Pisciculture as a life option
October 16 2013. Caridad, Luis and their two children are a displaced family from the department of Caqueta, who arrived to the rural area of San Jose del Guaviare pursuing tranquility and with the firm decision of not cultivating coca leave anymore. Around a tray of fried Cachama fish caught from their pisciculture project pond, this couple shared their experience of being part of an alternative development project, implemented in San Jose del Guaviare by the Administrative Unit for the Territorial Consolidation -UACT- and the United Nations Office on Drugs and Crime -UNODC-.
This couple, who spends all its time on the land, in only two hectares they have two ponds for breeding Cachama fish, they plant yucca root, they rear pigs, ducks and chicken, and, as Caridad says "we sell everything our farm provide us with". As it has been a whole life change for the family, she adds "I feel so much better here… We work, we count with more support and above all, we have tranquility". She and Luis sell their products in a small grocery store called La Paz located near their place.

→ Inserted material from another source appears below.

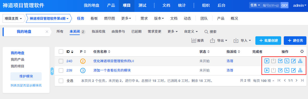 - 5.2.3 新版本禅道的最简使用

The families, who are part of the Forest Wardens initiative as well as of other alternative development programs, receive economic incentives, technical support and training, which allow them to strengthen their productive lines, to practice a responsible management of the environment and, finally, to develop skills for improving their life conditions; Caridad comments that it has been possible to invest in their house, the ponds and in a water pump thanks to this assistance; in Luis' words, nowadays farmers want to work the legal way, "now that we have an income from our business, we can verify who we sell our products to".